Charges do apply for these services. Please refer to the Submission, Services and Pricing page for details. 

13.  If I would like you to validate my antibody, do you provide such a service?

Yes. Please contact the Core to discuss your antibody. You will need to provide 50 uL of the antibody along with western blot results and densitometry measurements on each band when you submit your samples. We will provide you with a validation report, detailing its validation status after completion.  The validation status will be judged on the following criteria: (A) Single band on western blot with right molecular size, (B) Acceptable dynamic range on the specific protein manipulated by chemical or genomic approaches, (C) Good correlation between western blot and RPPA (r > 0.7),(D) Acceptable Signal/Noise ratio on RPPA. We will also probe your samples with your validated antibody.  We will only use antibodies that have a validation status of "Valid" or "Use with Caution", according to our standard validation criteria.

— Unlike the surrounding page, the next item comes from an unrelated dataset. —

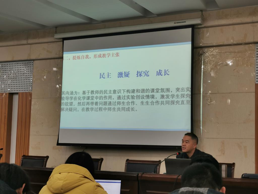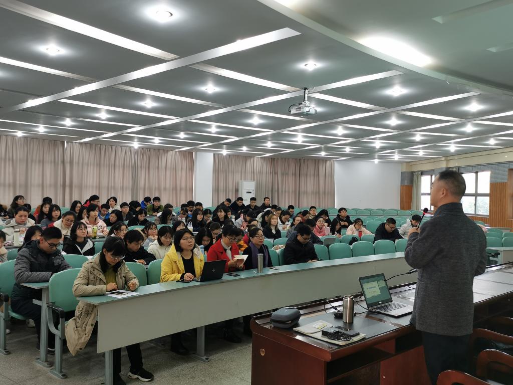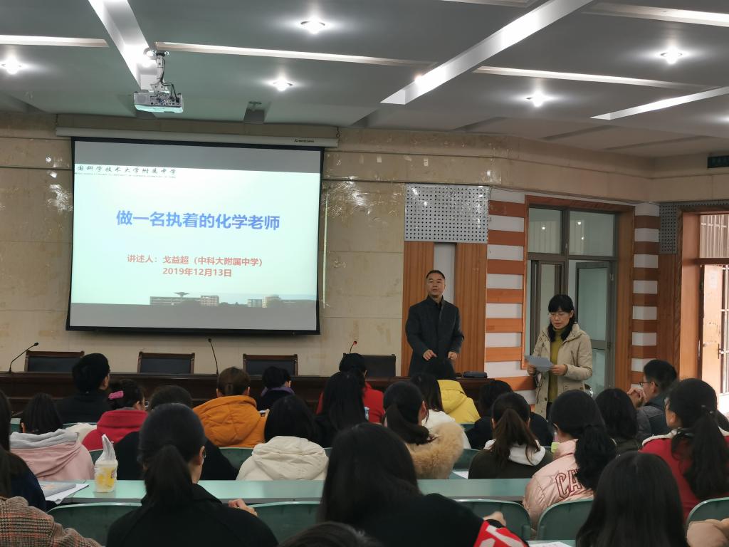 毕桂月)2019年12月13日上午于花津校区财务处二楼报告厅,我院1995级校友、中科大附属中学教研组长、全国高中化学教学改革先进个人戈益超老师为17级化学师范班全体同学带来了一场《做一名执着的化学老师》专题报告,学院化学系系主任阚显文老师主持,学院部分师生参与此次报告。

Charges do apply for these services. Please refer to the Submission, Services and Pricing page for details. 

14.  I have a set of tissue samples to be submitted for RPPA analysis. How much tissue do you need from each sample? Do you have protocols to extract proteins from tissue?

Yes, our experience demonstrates that approximately 15-20 mg of frozen tissue (approximately the size of a grain of rice) for each sample is required to process RPPA for the entire panel of antibodies. We prefer to have your tissue samples prepared in our lysis buffer. 

15.  Do you provide service to extract protein from tissue or cell pellets for RPPA?

Yes. We provide protein extraction from fresh frozen tissue and dry frozen cell pellets. We do not accept FFPE samples at this time. We require about 15-20 mg of tissue (about the size of a grain of rice), or 5 millions cells (1 million minimum).

16.  I have a set of clinical samples. Can I submit them for RPPA analysis?

Yes. You must delete patient sensitive information, such as Medical Record Number, Name, etc., before you submit. We will not accept samples with patient sensitive information.

17.  I am in the process of submitting a grant application and/or manuscript which will involve RPPA analysis. Do you have any information I can refer to in my grant application?

Yes. Please refer to the Education and References page.

18.  I am a research investigator outside of MD Anderson Cancer Center. How should I pay for the RPPA service? 

You will need to complete the online submission process through iLab Solutions and include a valid purchase order number or complete the credit card authorization form. Full payment is due no later than 30 days after receipt of invoice.

19.  Do I need to validate my result from RPPA?

Yes. RPPA provides you a result of cell signaling networks in a kind of "screen" mode. You need to validate and confirm your result by other technical approaches.